## Task objective
Please write out all of the data below exactly, without including the pictures.

*** Begin section ***

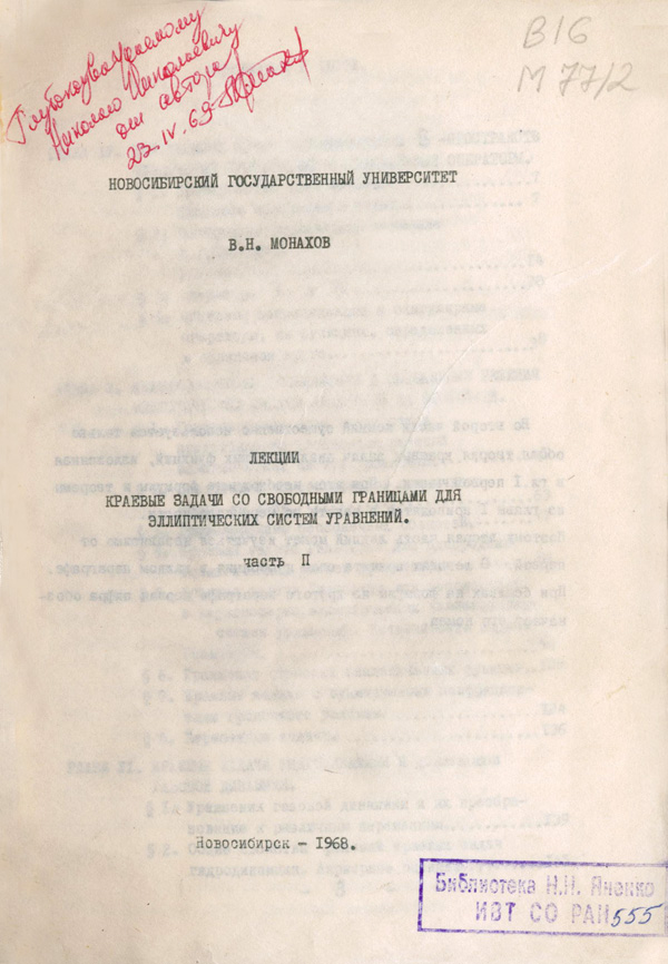 Монахов В.Н. Краевые задачи со свободными границами для эллиптических систем уравнений: лекции. - Новосибирск: [б. и.], 1968. - Ч.2. - 316 с.
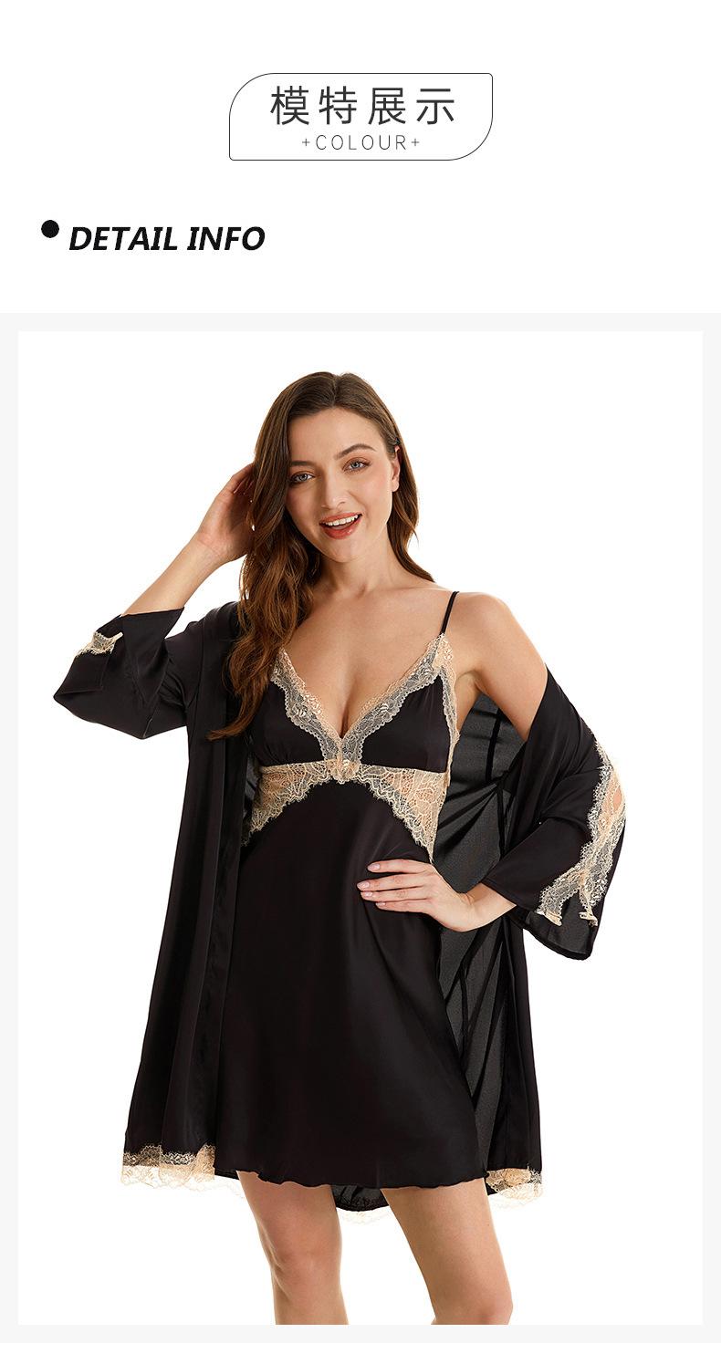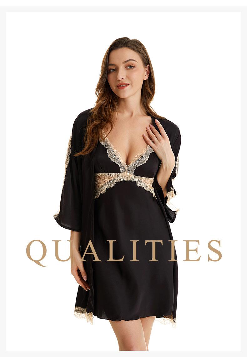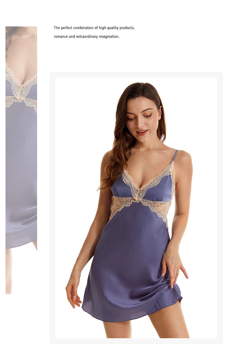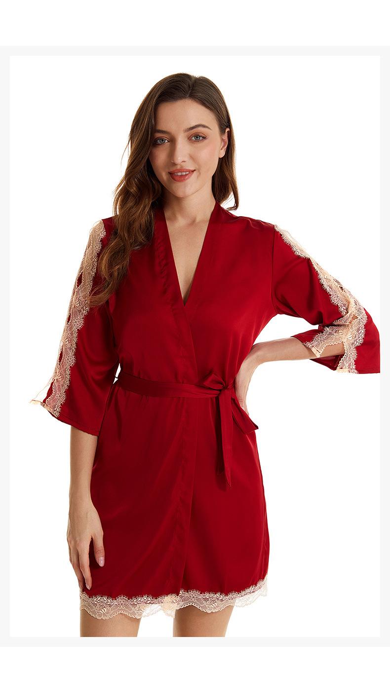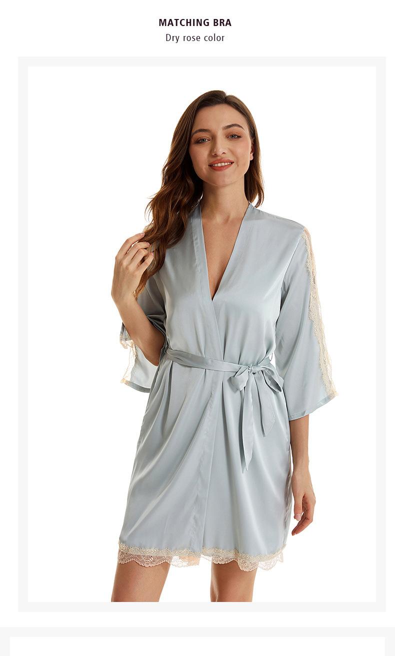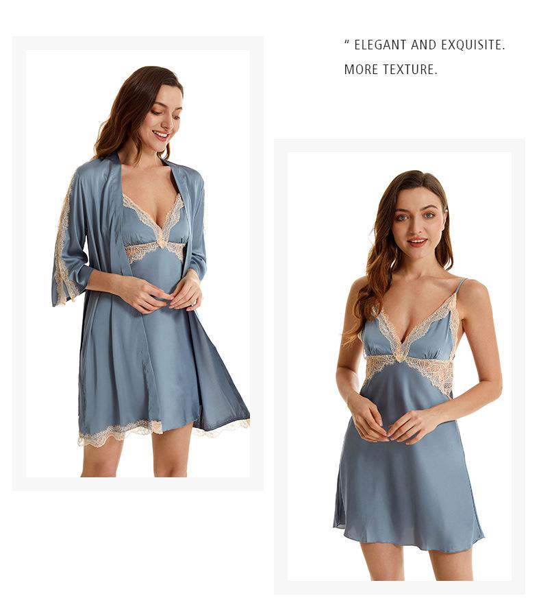 Pijama sexy de nueva tentación para mujer, camisón de seda helada, bata de baño Pure Desire, camisón de encaje de seda de siete mangas, camisón para el hogar
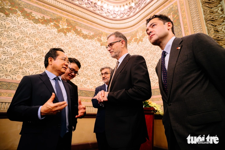 Đại sứ Pháp tại Việt Nam Olivier Brochet (giữa) làm việc bên lề với Chủ tịch UBND TP.HCM Nguyễn Văn Được - Ảnh: THANH HIỆP
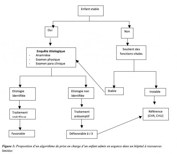 Cette conduite qui se veut pratique repose sur une démarche médicale rigoureuse et méthodique comportant plusieurs étapes successives à savoir : a) l’accueil en priorité de l’enfant et sa famille ; b) le soutien des grandes fonctions vitales si besoins ; c) l’enquête étiologique ; d) la prise en charge thérapeutique (symptomatique et étiologique).
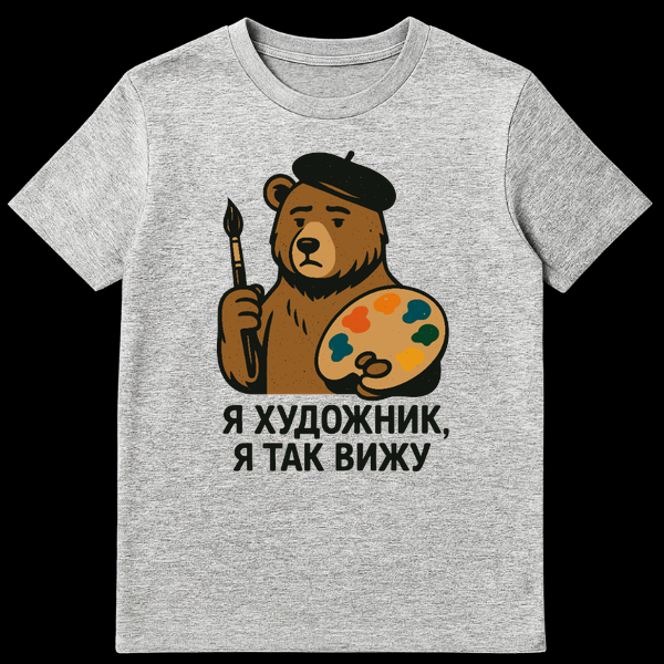 This cartoonish t-shirt features a brown bear in a beret, holding a paintbrush and palette, with a sad expression. The Russian text “ŠÆ Ń ŃŠ“ожник, Ń ŃŠ°Šŗ вижє translates to “I am an artist, I see it this way.” It’s a whimsical nod to artistic perspective.
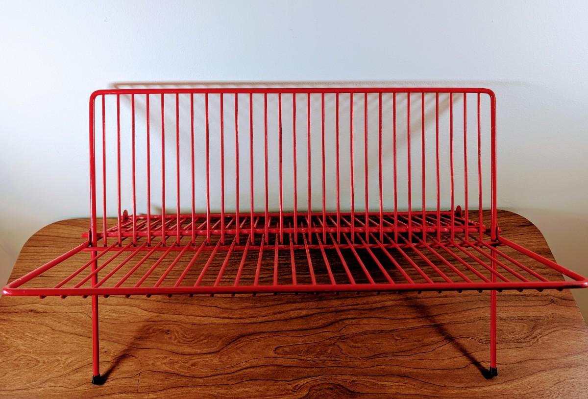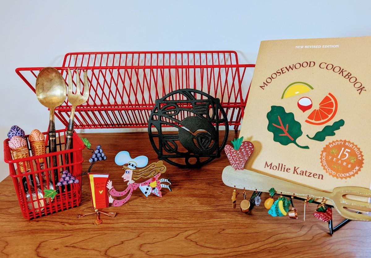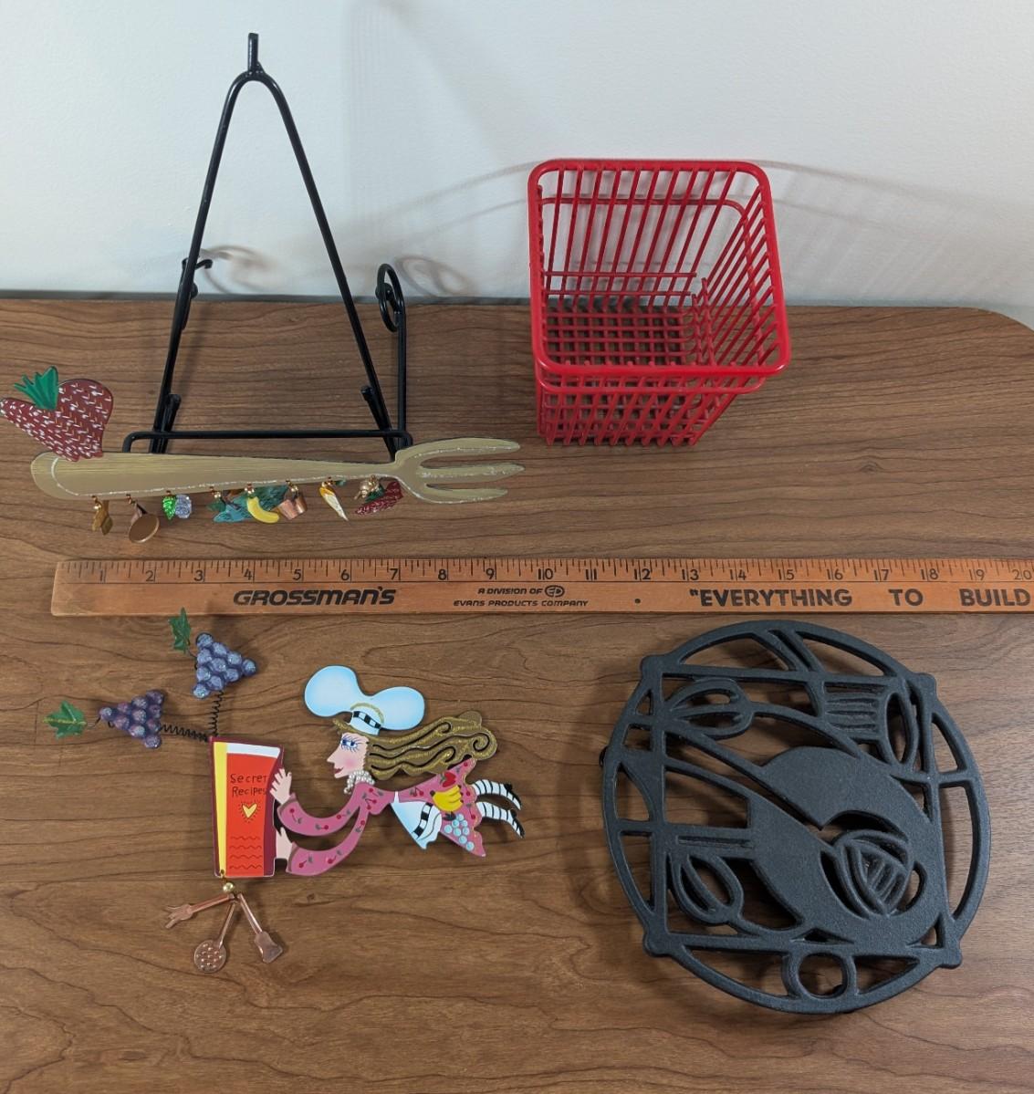 LOT 57K: Kitchen Collection, Red Wire Collapsible Dish Drying Rack With Matching Utensil Holder, Serving Utensils, Vintage Cook Book And Whimsical Cookbook Stand
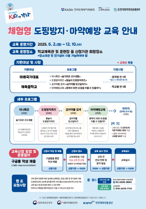 체험부스에서는 마약·도핑 예방 전문 강사의 이론 설명과 함께 부작용 고글 체험, 금지약물 빙고 달리기, 윷놀이 예방 퀴즈 등 다양한 활동을 통해 마약·도핑의 위험성 등을 흥미롭고 몰입도 있게 교육하며, 관심 있는 체육 분야 청소년 관련 어느 기관에서나 무료로 신청할 수 있다.

*** End section ***

## Problem solution
 Монахов В.Н. Краевые задачи со свободными границами для эллиптических систем уравнений: лекции. - Новосибирск: [б. и.], 1968. - Ч.2. - 316 с.
 Pijama sexy de nueva tentación para mujer, camisón de seda helada, bata de baño Pure Desire, camisón de encaje de seda de siete mangas, camisón para el hogar
 Đại sứ Pháp tại Việt Nam Olivier Brochet (giữa) làm việc bên lề với Chủ tịch UBND TP.HCM Nguyễn Văn Được - Ảnh: THANH HIỆP
 Cette conduite qui se veut pratique repose sur une démarche médicale rigoureuse et méthodique comportant plusieurs étapes successives à savoir : a) l’accueil en priorité de l’enfant et sa famille ; b) le soutien des grandes fonctions vitales si besoins ; c) l’enquête étiologique ; d) la prise en charge thérapeutique (symptomatique et étiologique).
 This cartoonish t-shirt features a brown bear in a beret, holding a paintbrush and palette, with a sad expression. The Russian text “ŠÆ Ń ŃŠ“ожник, Ń ŃŠ°Šŗ вижє translates to “I am an artist, I see it this way.” It’s a whimsical nod to artistic perspective.
 LOT 57K: Kitchen Collection, Red Wire Collapsible Dish Drying Rack With Matching Utensil Holder, Serving Utensils, Vintage Cook Book And Whimsical Cookbook Stand
 체험부스에서는 마약·도핑 예방 전문 강사의 이론 설명과 함께 부작용 고글 체험, 금지약물 빙고 달리기, 윷놀이 예방 퀴즈 등 다양한 활동을 통해 마약·도핑의 위험성 등을 흥미롭고 몰입도 있게 교육하며, 관심 있는 체육 분야 청소년 관련 어느 기관에서나 무료로 신청할 수 있다.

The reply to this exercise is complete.